Implementation of the Web-based system of collecting medication error data at our institution served as a visible and tangible catalyst for change in the system infrastructure of the inpatient and ambulatory patient safety environments. The new reporting system provides all healthcare employees in our institution a confidential, anonymous means of reporting events. This system provides a safe environment for reporting errors. Healthcare providers can use the system in the privacy of their own offices or even in a busy nurses’ station without fear of reprisal. A Web-based system of reporting in and of itself is not entirely novel. However, our system is novel in these three ways: it allows real-time transmission of data to the risk management department; data are automatically cleaned and scrubbed to ensure accuracy and avoid duplication; and data are automatically connected to demographic and clinical information.

As a result of our novel Web-based system of reporting medical errors, healthcare providers experience a significant reduction in the time between reporting a medication error and the resulting investigation by risk management. Closing this time lapse in the feedback loop allows the system to be proactive in processing medication errors and, ultimately, in developing interventions. In addition to providing system process improvements, the site-specific data gathered from the electronic format are also used to develop new educational initiatives.

Findings from this research suggest that adoption of a Web-based system of reporting medication errors served as a catalyst for environmental change that resulted in increased medication error reporting at our institution. Concurrently, as the number of errors reported increased, the number of errors that reached the patient decreased. And, most significantly, this decrease in the number of errors that reached the patient was paralleled by a reduction in the number of events reaching the patient with resultant harm. At a cursory glance, these descriptive data imply that a simple, linear relationship exists between the Web-based reporting system and the reduction of patient harm. But such straightforward relationships rarely occur in highly complex systems, and, thus, they are suspect. By definition, complex organizations such as large medical centers are fragmented into departments and disciplines, each passionately protective of their domain. Creating a common vision that is not viewed as compulsory requires several champions who cut across both managerial and specialty domains within the organization.

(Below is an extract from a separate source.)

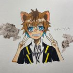 \( 'ω')/ウオアアアアアア!! テストが終わったぞー! «٩(*´ ꒳ `*)۶» らぎーくんかいたよ٩( ᐛ )وバナナ #ツイステ #ツイステファンアート #イラスト #絵描き #絵描きさんと繋がりたい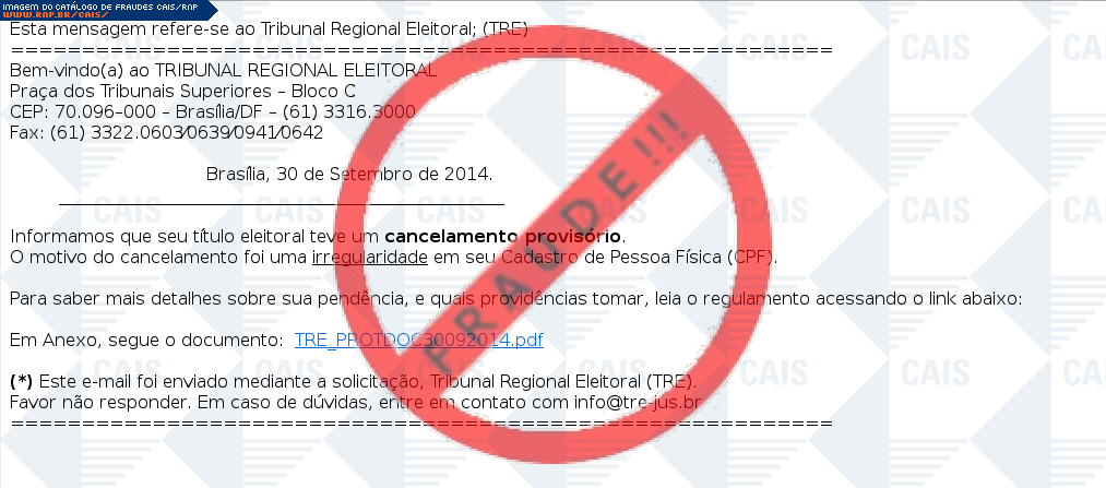 | comentário | O usuário recebe uma mensagem informando que seu título de eleitor foi temporariamente cancelado estando maiores informações em um arquivo disponível para download, no entanto o arquivo originado é malicioso criado para roubar informações da vítima e instalar... (leia mais) | |

To better define the relationship between the Web-based reporting system and the reduction of patient harm, it is important to drill down in the data and examine significant outcomes in relation to environmental changes over time within the healthcare system. To accomplish this, we will only focus on data trends collected after the adoption of the Web-based reporting system. Specifically, we will examine trends in the number of errors reported and whether or not harm occurred.

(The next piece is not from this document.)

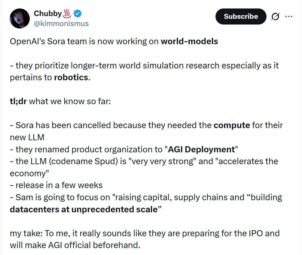 与此同时,一系列配套动作也在同步展开:Sora 被取消,腾出算力资源用于新一代大模型;产品组织更名为「AGI Deployment」,释放出更明确的战略信号;代号为 Spud 的新模型被内部评价为非常强,并有望在数周内发布;而 Sam Altman 的重心,则转向融资、供应链以及大规模数据中心建设。

Data that report the person who discovered the error between January 2003 and June 2005 are illustrated in Figure 4. Although data show a general linear progression in the number of errors reported, Figure 3 shows that this trend is curvilinear with spikes in April 2003, February and March 2004, and January through March 2005. Based on complexity theory, this pattern of “peaks” and “valleys” (i.e., the pattern of variation in the number of errors reported) is expected.³⁵ We would, therefore, expect that after a “flick” (an event that causes disruption in the system), change occurs in the organization and an immediate positive, sometimes dramatic, response to change will occur. This change will be followed by a drop-off and then gradual improvement, or, at the least, will achieve and maintain a new mean at a level greater than the preceding mean prior to the “flick.” In our particular case, increases both in the number of medication errors reported and in the number of intercepted errors correspond to the number of pharmacists reporting or detecting medication errors (Figure 3 and Figure 4). Specifically, spikes in the data correspond to an increase in errors reported by the pharmacist. The number of errors reported by pharmacists increased from 494 in 2003 to 1,495 in 2004 to 1,344 in the first half of 2005. During that same period of time, reported medication errors by physicians and nurses remained constant (Figure 4).

At our institution, increased pharmacist involvement in the detection of medication errors is closely related to a significant increase in the number of intercepted errors and a decrease in the number of medication errors that resulted in patient harm. Immediately prior to the first spike in reporting, administrative reorganization, particularly with pharmacy involvement, occurred within the UMHC Safety Council. The first “flick” occurred in early 2003, near the first spike, after the implementation of the Web-based system of reporting medication errors. Adoption of the Web-based system of reporting served as an impetus for reorganization of the former UMHC Safety Council into a formalized, institutional Patient Safety Council. Before reorganization, an incident report team would investigate medication errors and report findings to risk management and, if warranted, to the hospital CEO. After the application of the Web-based reporting system, it quickly became apparent that the old mechanism of investigating events could not process the increased volume and navigation of reports up the administrative chain. This reorganization legitimized patient safety efforts and event reporting as an institution-wide endeavor, if not an institutional mandate.

The second “flick” centered on the CEO’s becoming chair of the Patient Safety Council and a change of the pharmacy department head. Both the CEO and the new pharmacy head were strong supporters of the Web-based application and proactive in their support of our patient safety initiatives. The CEO’s involvement sent a strong signal throughout the organization that patient safety was a growing priority, and as his awareness grew, so did his engagement in hospital safety activities. Action plans identified by the committee now carried the clout of top leadership. In addition, the new head of the pharmacy department not only removed fear of reporting medication errors, but also encouraged reporting as a positive sign of effecting change.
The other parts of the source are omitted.